The idea that the peoples 4000 or more years ago converted the swamps into a form of sustainable agriculture was quite remarkable. However, the original farmers and their descendants had to deal with the periodic El Niño phenomenon.

El Niños, or technically the warm phase of the El Niño–Southern Oscillation (abbreviated as ENSO), occur when a band of warm water sweeps through the Pacific in the southern Hemisphere. This warm water creates droughts in some parts of the Pacific, but spawns torrential rains on the coast of Peru, normally a place with very little annual rainfall. The ENSO events occur periodically. The mild form has about a four-year cycle, while the extreme events can cause tremendous flooding, mud slides, economic disruptions, famine, and destruction of towns and agricultural infrastructures.

Since the arrival of Europeans in Peru up to the present day, there have been about two dozen or so very serious events of this magnitude. The team’s work promises to help understand the periodicity of the ENSO, as well as the human response to these events. This information will be useful in the future for scientists to predict such powerful climatic events over longer lead times.

Excavations at the site of Pozuelo, one of the oldest agricultural village sites known in the Chincha Valley, by Christine Bergmann, a Department of Anthropology graduate student at USF, has revealed deep strata, or sedimentary rock. Bergmann, a specialist in scientific archaeology, will analyze the sediments from the test units and reconstruct the vegetation and geomorphological history of this particular site.
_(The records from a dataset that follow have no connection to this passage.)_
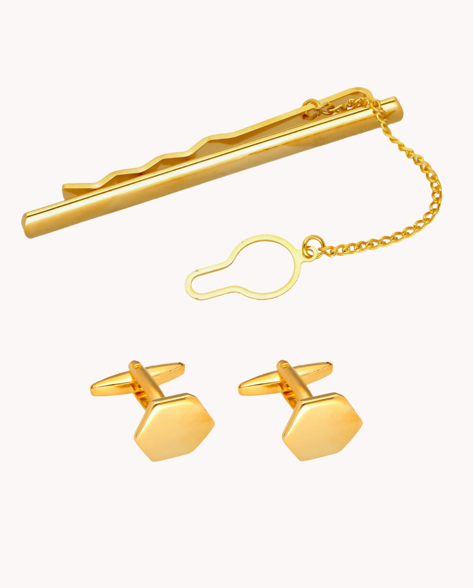 Juego de gemelos y pasador de corbata de metal bañado en oro 18K con terminación brillante. El pasador de corbata es de 6,1 cms x 0,5 cms (largo por ancho) con cadena de seguridad y los gemelos en forma de hexágono de 1,6 x 1,4 cms (ancho por alto).
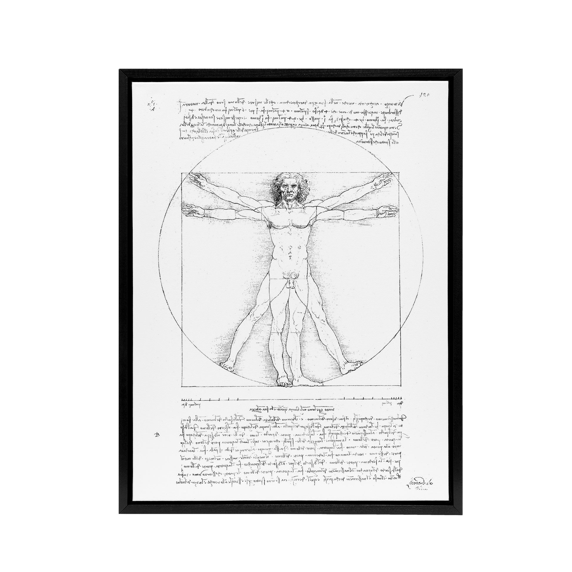 Vitruvian Man Black and White da Vinci Vintage Framed Canvas Wall Art
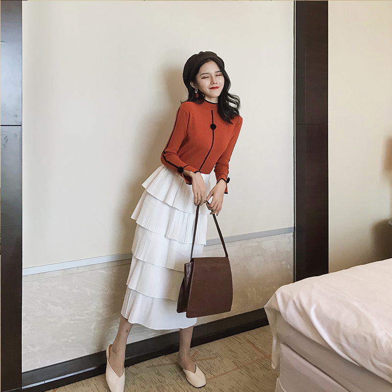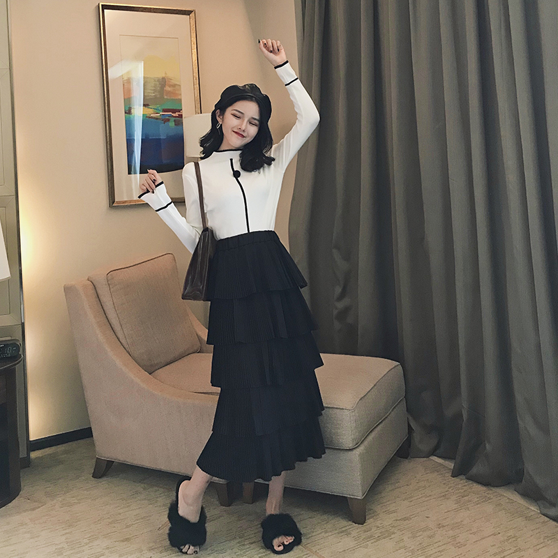 2018秋裝新款韓版晚晚風時尚套裝長袖打底衫上衣高腰蛋糕裙兩件套
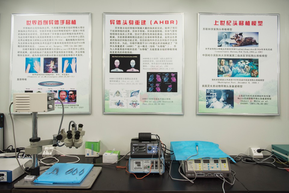 Ren, who’s running much of the actual research, refuses to commit to a date, saying that while late 2017 isn’t impossible, every preliminary experiment would have to go perfectly for the surgery to take place then. His team still needs to collect data from hundreds of mice, and conduct more large-animal transplants, probably with dogs. Ren also wants to choreograph the surgery with cadavers and, as a final test, swap the heads of two brain-dead donors. All of which takes time—months, maybe years. The preliminary work for the first hand transplant Ren took part in lasted two years, and that procedure involved 20 surgeons, not 80.
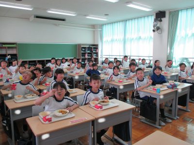 2階の教室になり、給食を運ぶ距離が長くなった3年生も、重い食缶をしっかり運んでくれていたようです。
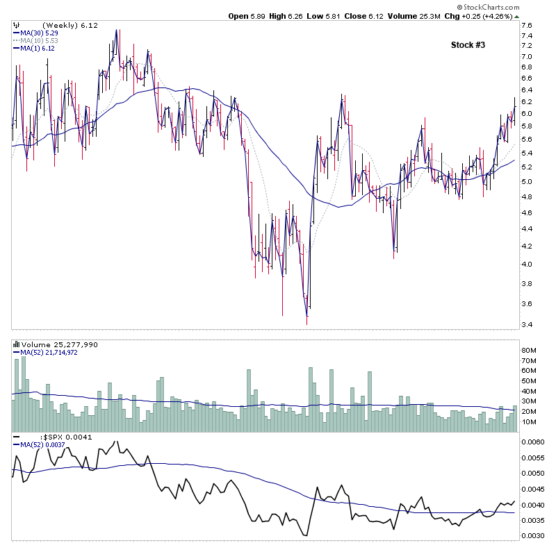 Chart #2 was Navios Maritime (NM) in March 2013, which was making a solid Stage 2A breakout, with more than 2x the average volume and relative performance moving above a flat zero line which it had hugged for a while.
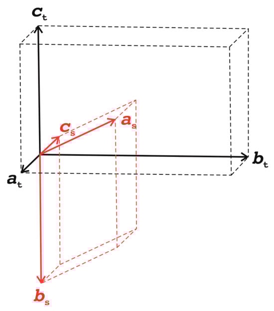 The relations between the unit cell vectors of kuliokite-(Y) determined in this work (in black) with those determined previously (red).
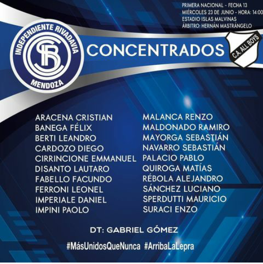 Gabriel Gómez, no tocará el equipo, para jugar este miércoles a las 14 en Floresta ante All Boys. Este compromiso es por la fecha 13 de la Zona B del torneo de la Primera Nacional. La Lepra está segundo en la Zona B, a dos puntos del puntero Güemes de Santiago del Estero.

The study of ancient plants, called paleobotany, utilizes fossilized seeds, pollen, and what we call phytoliths. Phytoliths are microscopic parts of plants that have absorbed silica, and therefore have literally become fossilized. Different kinds of plants can be distinguished by the different phytoliths that they leave. Seeds act in the same way. Seeds and phytoliths can be recovered in very old sediments. If the moisture and pH conditions are right, they can last for tens of thousands of years. Once these plant parts have been collected, they can be combined with preserved shells and animal bones to reconstruct the ancient climate and ecological communities.
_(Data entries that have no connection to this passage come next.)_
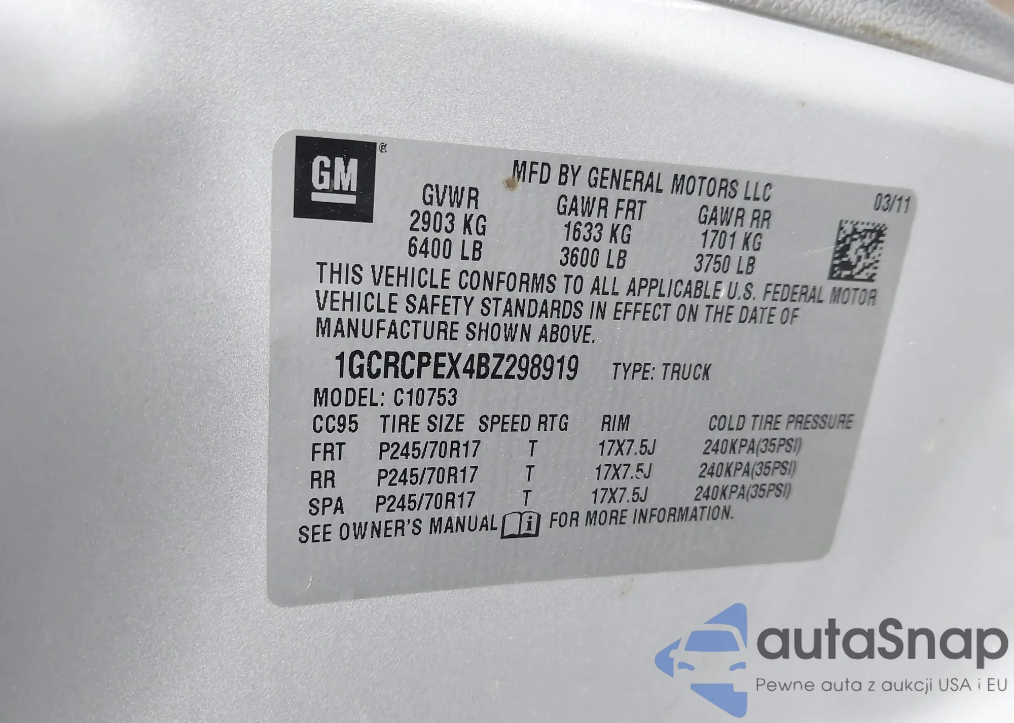 • VIN 1GCRCPEX4BZ298919
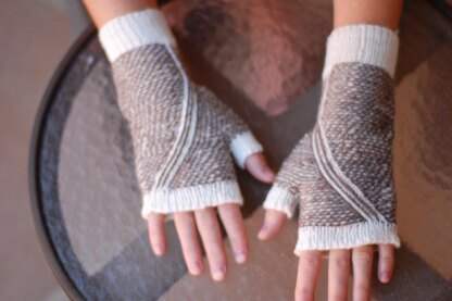 Two-color textured mitted with paths of slipped stitches that wind and wend across the hand.
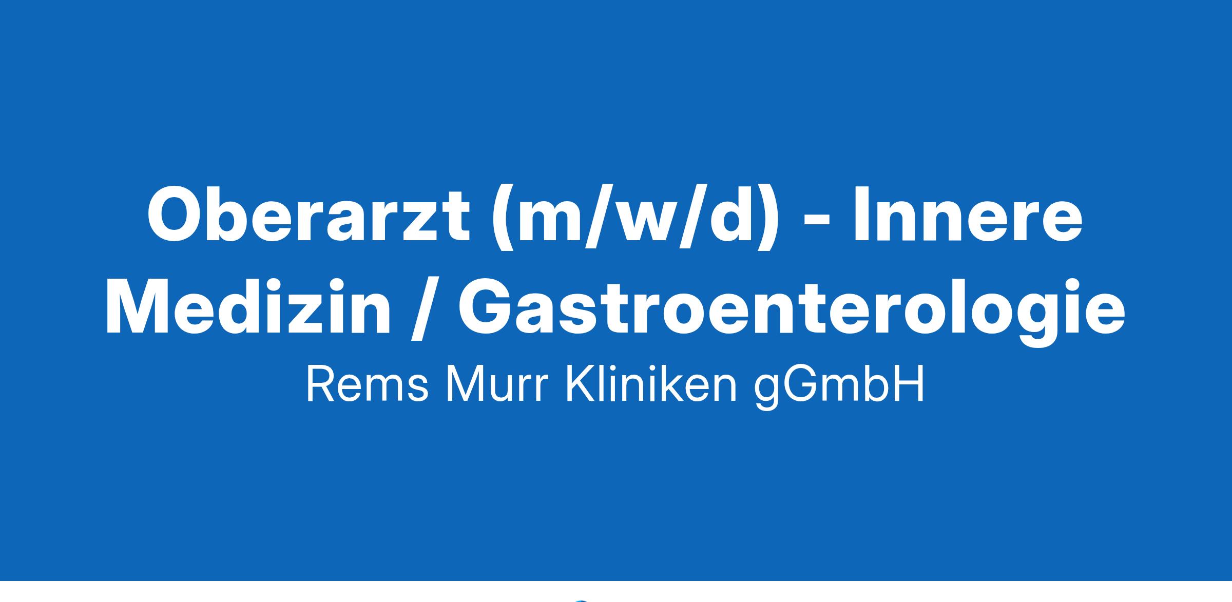 Oberarzt (m/w/d) - Innere Medizin / Gastroenterologiefür unsere Klinik für Gastroenterologie, Allgemeine Innere Medizin und GeriatrieReferenznummer: S-1-149-23In den Rems-Murr-Kliniken Winnenden und der Rems-Murr-Klinik Schorndorf werden in 21 Fachkliniken jährlich rund 51.000 Patientinnen und Patienten stationär versorgt.

A major component of the NSF grant is being used to train students in field and laboratory methods. However, due to the COVID-19 pandemic, research is currently on hold. Once the team is cleared to continue their work, they will host some UMaine students at the USF Tampa campus to work in our paleobotanical lab run by our post-doc, Dr. Christopher Kiahtipes. Likewise, USF students will travel to UMaine to train in their facilities. USF will also host visitors from Peruvian universities to train in the labs on the Tampa campus.
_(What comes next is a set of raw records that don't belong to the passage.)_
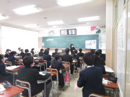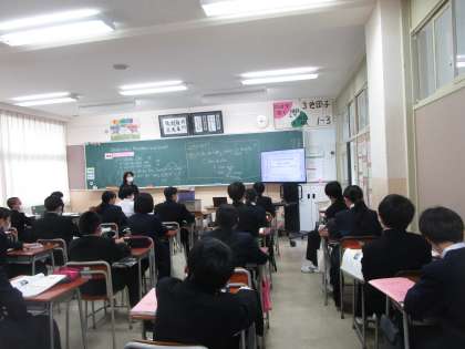 1年3組の英語は、Which(どちら)の用法を学習していました。映像を見ながら使い方を学習していました。
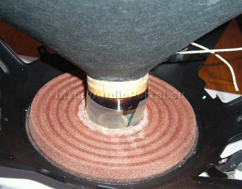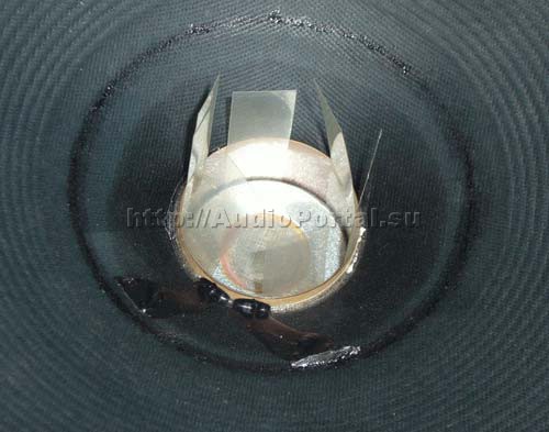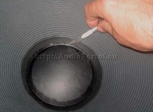Сборка динамика производится в обратном порядке. Сначала следует максимально точно установить диффузор на свое старое место. Хорошими «направляющими» при этом служат остатки старого клеевого шва – их следует совместить с «отпечатками» на смежной поверхности. В том случае, если при разборке динамика не удалось отклеить центральный подвес от корзины, и пришлось «выгрызать» катушку, то на тканевой основе центрального подвеса наверняка останутся жесткие остатки клеевого шва, которые могут повредить обмотку звуковой катушки при сборке. Для исключения этого следует вставлять катушку в центральный подвес по направляющим. Можно попробовать свернуть направляющее кольцо из тонкого пластика, и вставить его внутрь центрального подвеса, и даже в магнитный зазор, и уже потом вставлять на место звуковую катушку.
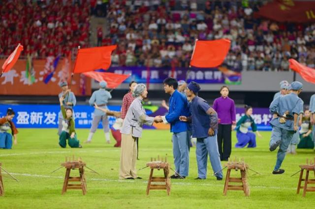 “体育赛场不同于传统舞台,面向如此高密度群体关注的舞台,如何让节目既符合赛事氛围,又不失红色文化庄重感?”经过反复研讨与斟酌,谢慧最终确定了“情景再现+全民合唱”的表现形式:将红色文旅史诗《长征第一渡》中的经典片段——草鞋舞和情景剧《告别》搬上赛场,并选用《十送红军》作为背景音乐。
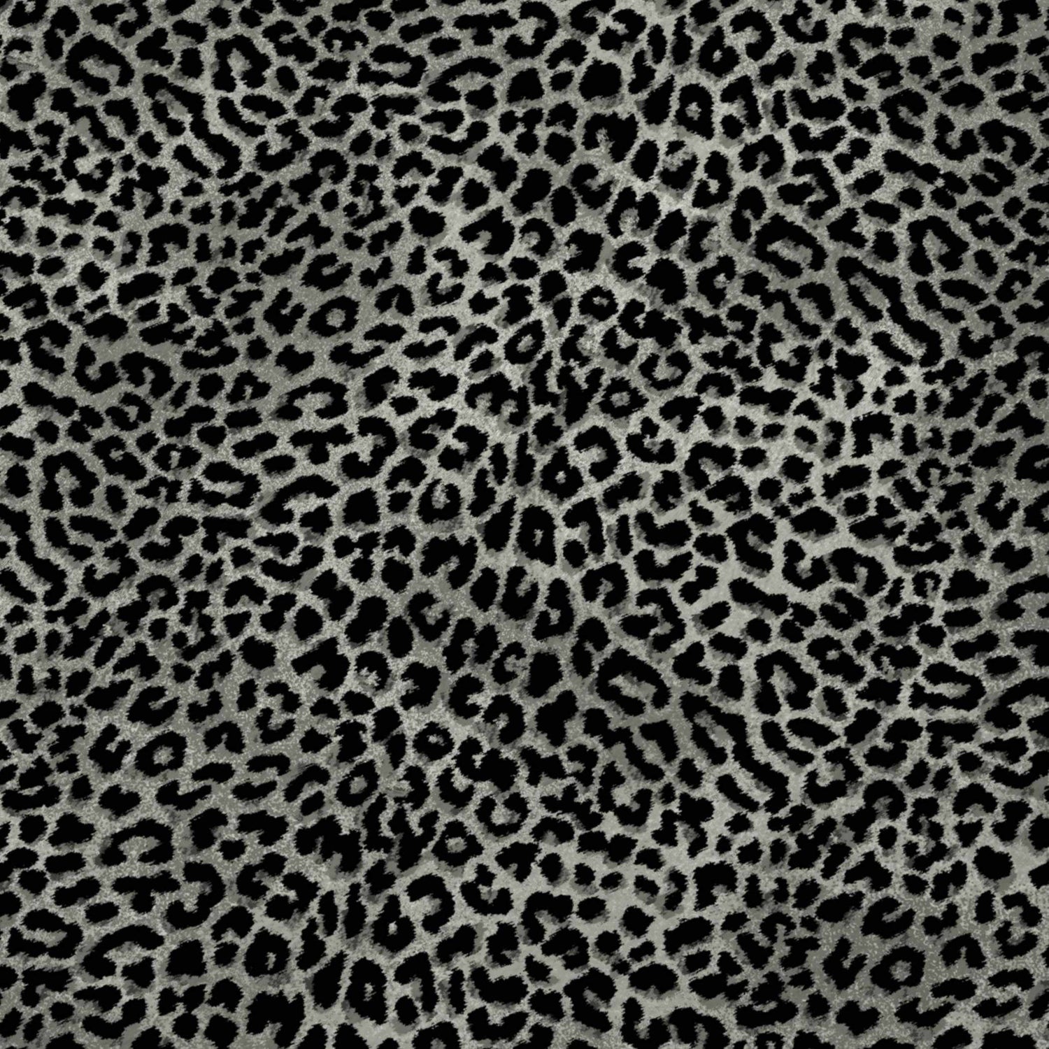 cool paletteDeep black dominates the leopard rosette spots and border, layered over a cool silver-gray base that gives the pattern a moody, sophisticated contrast — less jungle, more editorial.

Once international travel resumes, Stanish and his team will continue their research, in which they plan to excavate many more units across the valley. The analysis of the soil geomorphology and the ancient plant remains will give us a comprehensive picture of the vegetation and climate history over the last 5000 years in the Pacific coast of South America. Combined with work in other parts of the Pacific, this information will be useful for refining our predictive models of major ENSO events.